I prefer fillies, mostly because if they get injured, you can still breed them, you know? But the downside to that is when they're older, they might be constantly in heat around other horses... I have a few of those lol. Then there's always the colts. They're fun, too, but I just like fillies. I show all mares though, but sometimes it's nice to not have to worry about "mare stuff". ha. It's really just a matter of preference, I think. When I go to buy, I don't go with a set mindset. I go thinking, "if I see one I just HAVE to have, I'll buy it. If I see one that I like, I'll think about it." Anything other than that is really not worth it, to me. If I don't have that.... attraction, if you will, then I've found that I don't enjoy working with the horse as much. You've gotta really have a connection. Because there are just so many horses out there, and so many yearlings... Just find the ones you like. Don't buy because they sound good if you don't want them enough. That's a lesson I've had to learn the hard way lol. Sometimes I just had a feeling and bought them anyway, and they've turned out to get injured at all the wrong times, be poor keepers, be hard to work with, etc. 
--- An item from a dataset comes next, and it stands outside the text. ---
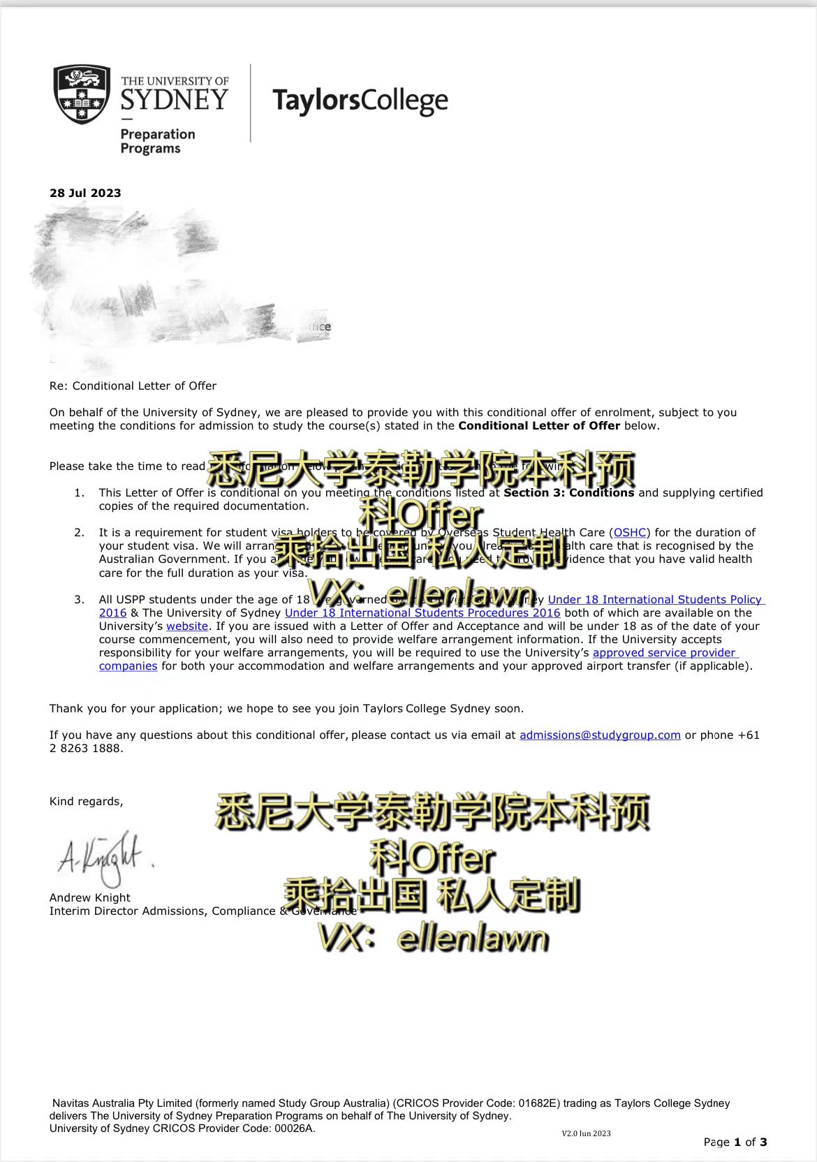 任同学获得悉尼大学泰勒学院本科预科offer

Good luck, though, and have fun! I'm excited for you! =) 

Sorry for the book, lol.


----------



## Gidji (Dec 19, 2008)

Yes my mum is leaning towards fillies so if they get injured or don't do too well in the show ring, we can breed. She doesn't want to get a colt, because I won't be able to show it in its halter classes. She doesn't want a gelding either, because they well, you can't breed them, you can only ride them.
If we see a colt we like, we may buy it but the only problem is I won't be able to show it til Im 18. 
Mum says she wants to get a filly, and once it gets about 5 or 6, we'll put her in foal. And if she has a colt, I can have it because I'll be old enough to show it by then.
If we have a filly, then we'll probably sell her.
Its really hard to find yearlings in our area. We have to travel heaps far just to see them.
What do you think about this idea?
My mum's friend has an overo white paint mare, and we are considering paying for the covering and all birth related stuff and getting the foal?
Only problem there is, what if the weanling is a sour, angry little foal?


----------



## mom2pride (May 5, 2009)

You can do alot of your prep work during the yearling year...from longeline to getting a saddle on him. 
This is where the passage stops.